Oh well, with that being said I came home and decided to take a few more pics of myself prior to surgery because I never want to forget where I started from. I kept thinking to myself as I looked at these pictures, what the hell do you expect from this poor doctor a Miracle?? I am so huge! I can't even imagine how my stomach looked 100 pounds heavier! Of course I wouldn't know because I NEVER looked at myself when I was that big much less took any pictures without clothes on! This is actually the first time in my life I have reveled my gut to anyone, even myself. LOL
I even took a picture of my fortune that was in my fortune cookie that I had for lunch, it made me smile :)
The Time Is Near!!!!!
Well I about 36 hours away from my surgery! I have been so busy this weekend trying not to forget anything I may need. I have cooked so much and shopped for every thing everyone has suggested. I couldn't find a toilet riser though. I have been so emotional tonight. I just cried my eyes out wondering what the heck I'm about to do. My main concern is dying. Lol, I know I've said that before and at times I know I'm not but then I have those what if moments. Normal I guess.
Tomorrow I go in for my markings, then I check in at 7am on Tuesday for the surgery. The weatherman said it will be 28 degrees that morning. Yikes!

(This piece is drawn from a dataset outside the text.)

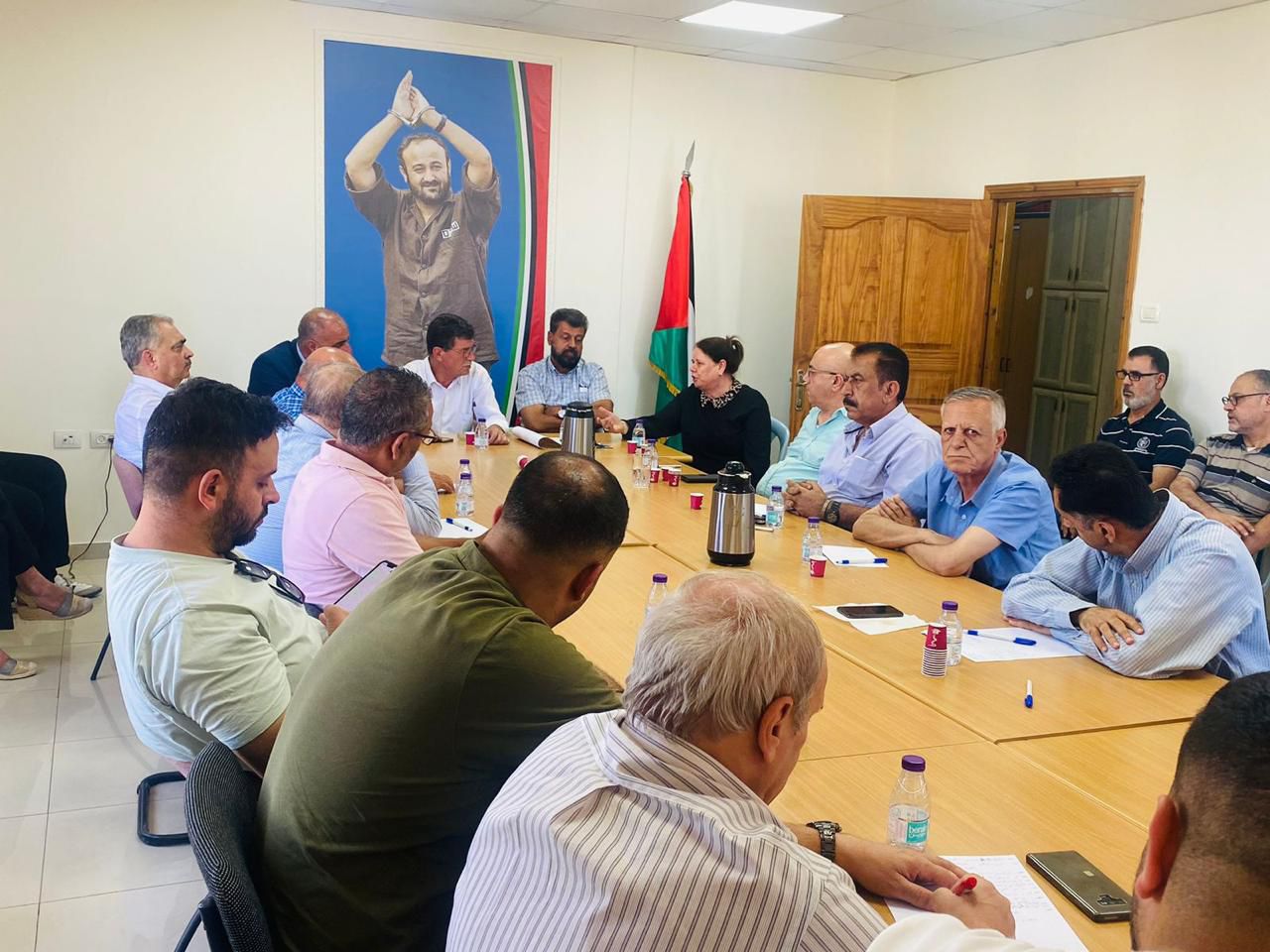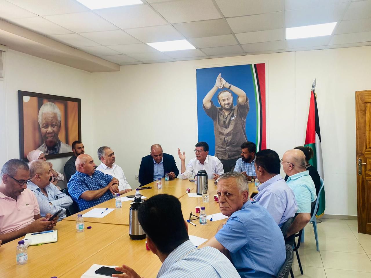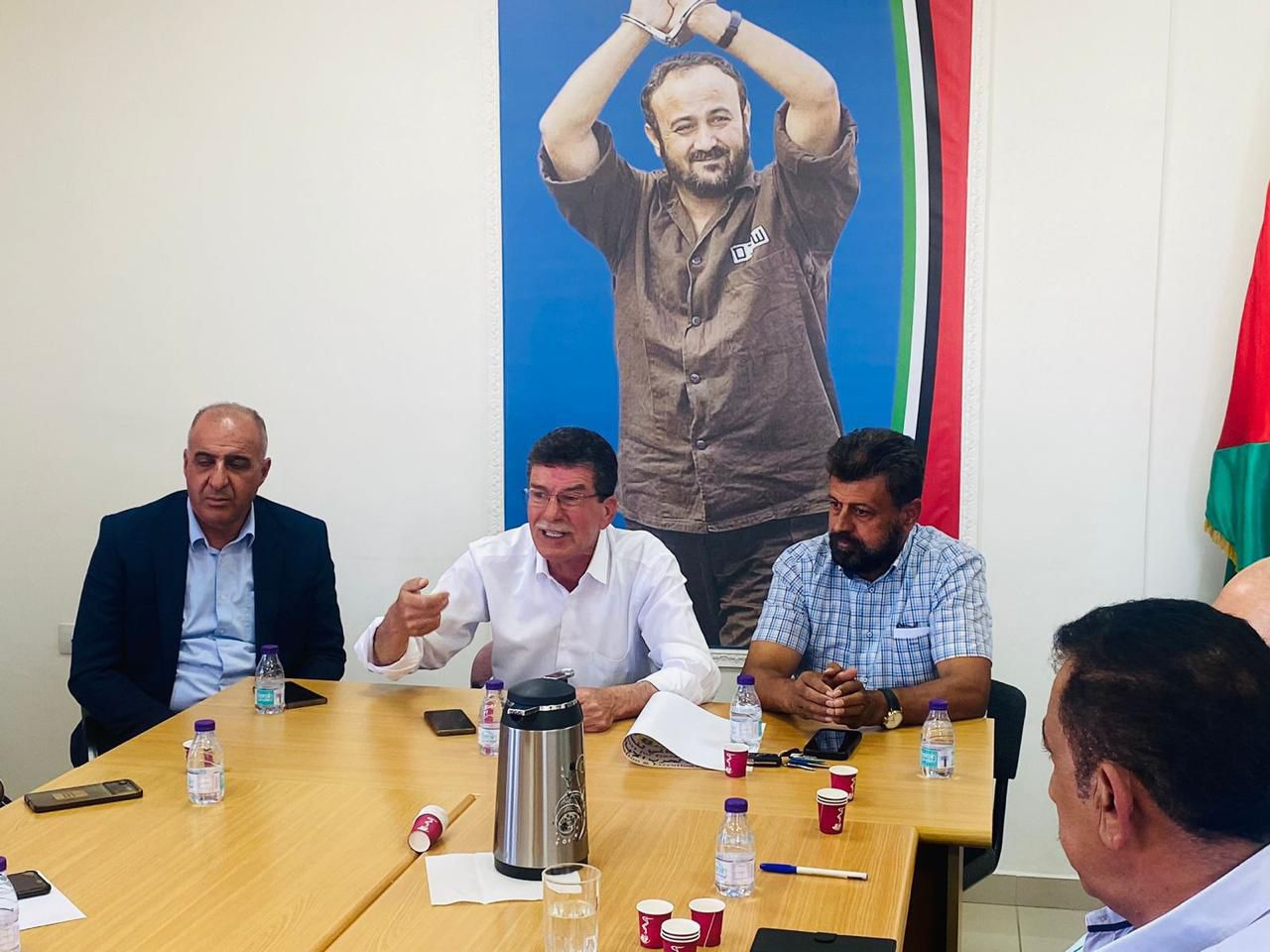 يوم وطني فلسطيني مختلف، نظم ظهر اليوم الاربعاء اجتماعاً في الحملة الشعبية لاطلاق سراح الأسير القائد مروان البرغوثي، بحضور ومشاركة رئيس هيئة شؤون الأسرى والمحررين قدورة فارس، ورئيس نادي الأسير الفلسطيني عبد الله زغاري ، ورئيس الهيئة العليا لمتابعة شؤون الأسرى المحررين أمين شومان، ومسؤولي وكادر من الحملة، ونخبة من ممثلي فصائل العمل الوطني والمؤسساتي وأسرى محررين، وعلى رأسهم عضو المجلس الثوري لحركة فتح القائد فخري البرغوثي، حيث أجمع الحضور والمتحدثين على العمل بشكل مختلف، وبمسؤولية وطنية وحدوية عنوانها العريض حرب الابادة التي يتعرض لها الشعب الفلسطيني في غزة والضفة، والهجمة الفاشية الغير مسبوقة على اسرانا واسيراتنا

My husband keeps telling me to quit worrying about every single thing, but that's hard for me to do when I'm the one in charge of everything all the time! I'm so scared but I know that's just normal and deep down inside I know I will be ok. I'm going to try and get some sleep cause tomorrow I will have to work until 2pm then off to get my markings. I will post pics of my markings tomorrow. Nite nite :0
Well I just got here for my markings. I was feeling really nervous until I took one of those anti anxiety pills. Now I feel so sleepy! I can't believe I drove here. Lol
My husband will definitely be driving home. Oh yeah this Liquid Diet sucks! Yuck
My bed was delivered today so I guess I'm ready! I will post pics of my markings tonight
Well it's over! It all went well, thanks to god. I couldn't keep my eyes open more than five minutes at a time yesterday! Lol
I'm on the way to see my ps right now. Apparently they are going to put my compression garment on me today. I definitelyfeel a lot more pain today than yesterday. I didn't look cause I felt so weak and figured it would just make me dwell on the pain. My husband said it looks fine, just real bloody! Yuck
I hope everyone is healing fine and once again, thank you for your prayers!
Well here I am, been up since 3am. Had to take my meds, I'm keeping up with those meds cause I'm afraid to know what it feels like without them. So far I've been doing pretty good just really sore in upper abdomen area. I don't feel any pain in the insecion thank god! And it only hurts when I stand up! Laying and sitting on the bed feels wonderful but when it's time for my walks, ouch!!!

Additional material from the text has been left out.